Marco Esposito

Personal information
- Date of birth: 8 February 1980 (age 45)
- Place of birth: Massafra, Italy
- Height: 1.85 m (6 ft 1 in)
- Position: Central Defender

Youth career
- 1996–1997: Milan
- 1997–1998: Monza

Senior career*
- Years: Team / Apps / (Gls)
- 1998–2000: Meda / 59 / (4)
- 2000–2003: Cittadella / 85 / (1)
- 2003–2004: Ancona / 12 / (0)
- 2004–2005: Chievo / 0 / (0)
- 2005: → Triestina (loan) / 8 / (0)
- 2005–2009: Bari / 103 / (2)
- 2009–2010: Mantova / 7 / (0)
- 2010: CSKA Sofia / 3 / (0)
- 2011: Portogruaro / 13 / (1)
- 2011–2012: Pisa / 2 / (0)

Managerial career
- 2018–2019: Monza (U19 assistant)

= Marco Esposito =

Italian footballer

Marco Esposito (born 8 February 1980) is an Italian former footballer.

==Club career==
Esposito started his career at Meda of Serie D. He won promotion with the club and played a full Serie C2 season. In summer 2000, he joined Cittadella of Serie B. He followed the team relegated to Serie C1 in summer 2002. In July 2003 he joined Serie A side Ancona, which he made his Serie A debut on 23 November 2003 against Brescia. He then played for Chievo after Ancona relegated in summer 2004. In summer 2005, he signed for Bari which he played for 4 Serie B seasons. In July 2009, he left Bari for Mantova, signed a 3-year deal.

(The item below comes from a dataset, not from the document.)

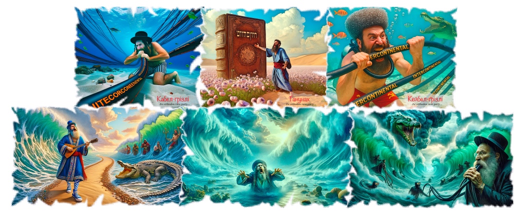 – Альо, Мендєлє Мойхєровіч? То Дімка Табачнік дзвоне – ми вийшли в заданий вами квадрат. Можна вже робити так, щоб море розступалося… альо… ну так, позивной Ґастарбайтер… ізвінітє, товарішчь Єсаул, праєбал… Так точно, товаріщь Єсаул, запомніл – отнинє мой позивной Пєдріла Мохнарилий… Єсть!!! А…, я діко ізвіняюс, мохнА́рилий ілі махнО́рилий… – продовжив через хвилю сплячий гепард – мохна́?… Я вас пойнял, товаріщь Мендєлє Мойхєровіч… Так точно – полєзєм за ето в нєраступівшєєся морє… Так точно!!! Єсть!!!…

Esposito went on trial to Ekstraklasa side Wisła Kraków in July 2010. On 27 July 2010 it was confirmed that he had signed a two-year contract with CSKA Sofia.

In December 2010 he returned to Italy for Portogruaro.

On 10 August 2011 he was signed by Pisa.

On 26 June 2012 he was interrogation by the prosecutor. After a plea bargain, he was banned 3 months and 10 days for not reporting match-fixing activities.